Official police reports obtained after Colin's death showed that he and his sister, Sable, had hiked into a prohibited area looking for a place to have an illegal swim, known as ‘hot potting’.
The pair ignored the many large warning signs posted in the area telling visitors to remain on the boardwalk.
Sable had videoed the pair of them purposefully stepping off the Norris Geyser Basin’s boardwalk to look for a perfect pool to have a relaxing dip in when he slipped and fell into azure blue water.
The report reads: “The smartphone recorded the moment he slipped and fell into the pool and her efforts to rescue him.”
As there was no phone signal there she ran to a nearby museum to raise the alarm, but when she returned with several park rangers, it was too late.

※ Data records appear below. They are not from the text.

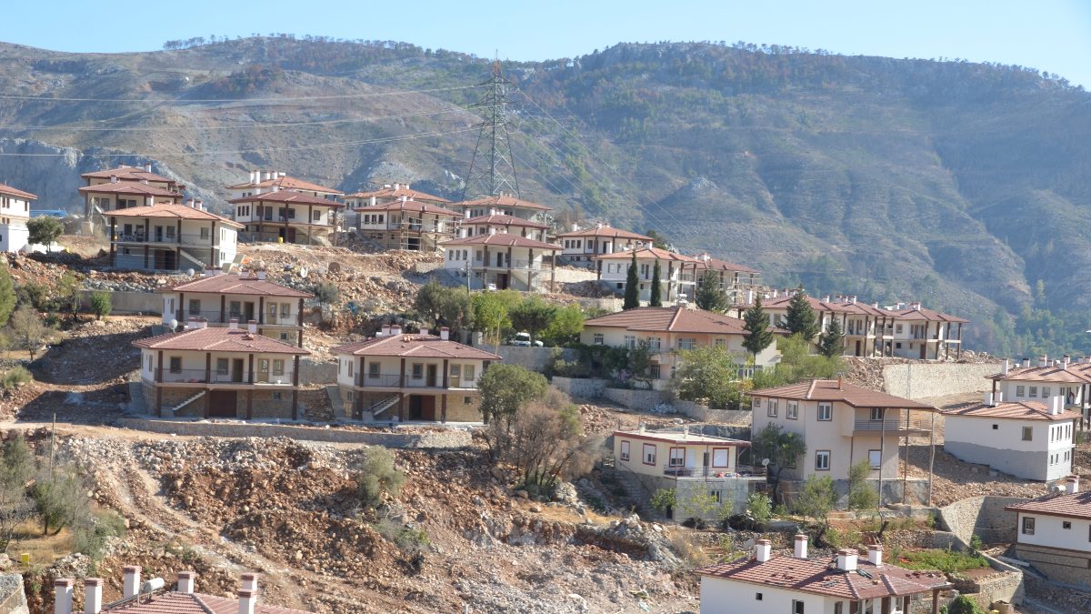 Kepezbeleni Mahallesi'nin görüntüsü ise şantiyeyi andırıyor. 63 evin yandığı mahallede yeni evlerin yapımı tamamlandı.
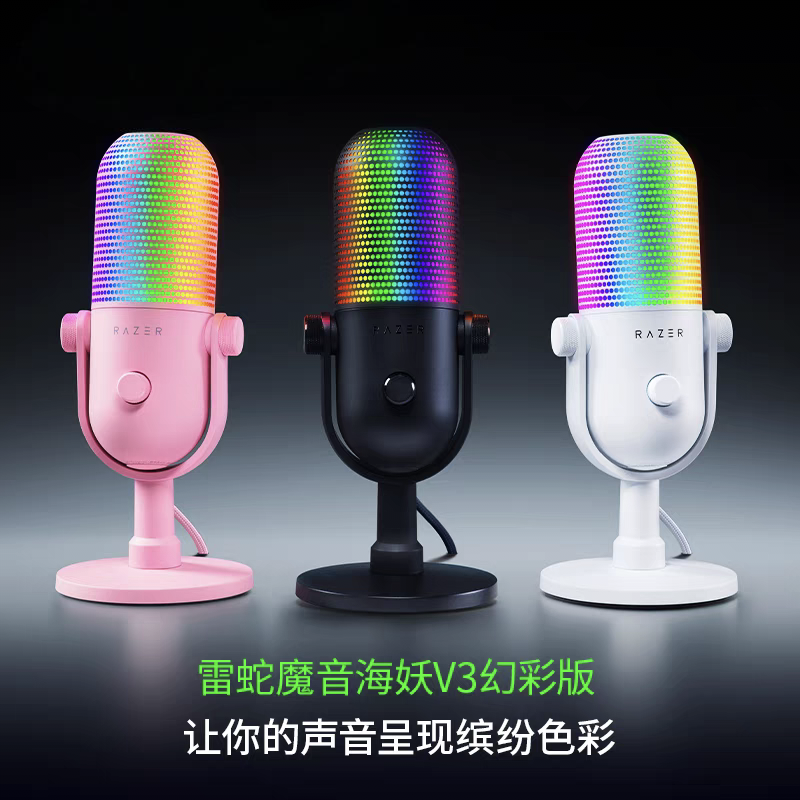 Razer雷蛇魔音海妖V3幻彩版麦克风电脑话筒直播电脑游戏录音USB
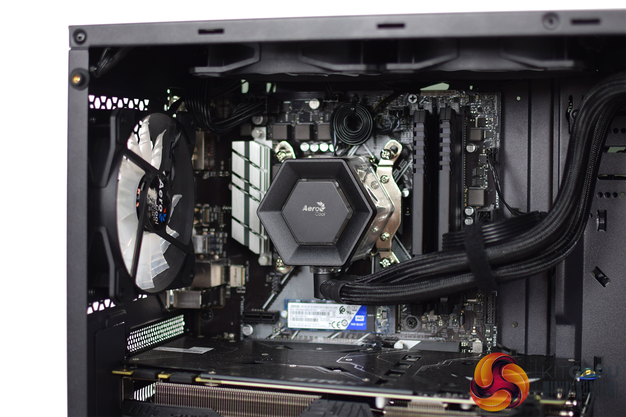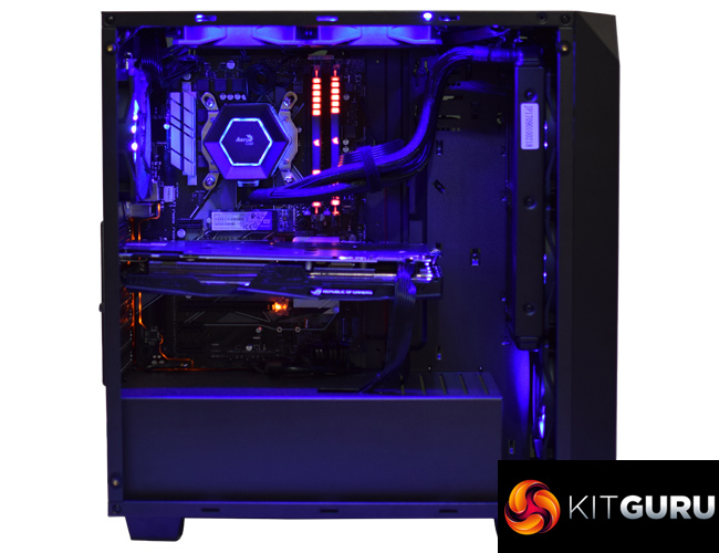 While the core spec looks fine on paper, Mesh has clearly tried to make sure the system itself looks good in the flesh as well. To achieve this, the E-Pro7 uses the striking Aerocool P7-C0 case – with two tempered glass panels – as well as the P7-L240 RGB liquid cooler, also from Aerocool. Add in several RGB fans, Corsair's RGB memory and an LED strip, the overall appearance of the system is quite striking.

They saw portions of Colin’s head, upper torso and hands were visible in the hot spring.
The police document continues: “Due to the report of the individual not previously visible, a lack of movement, suspected extreme temperatures, and indications of several thermal burns, the subject was determined to be deceased.”
US park ranger Phil Strehle noted in a separate report that a V-neck T-style shirt was visible, and “what appeared to be a cross was visible and resting on the subject’s face”.
Adding to the tragedy of the situation, rescuers were unable to safely recover the man’s body due to the “volatile” thermal area they had wandered into, and an incoming lightning storm.
Sadly, when they returned the next morning, Colin's body was no longer visible, although they did find a wallet and his flip-flops.
The report confirmed that they believed that Colin had been entirely dissolved overnight.
It read: “The consensus among the rescue/recovery team … was that the extreme heat of the hot spring, coupled with its acidic nature, dissolved the remains.”
Water temperatures at the basin typically reach 93C, but when rescuers came to retrieve Colin's body the pool was bubbling away at 100C – boiling point.
The videos recorded by Sable have never been released, but are kept on file by police.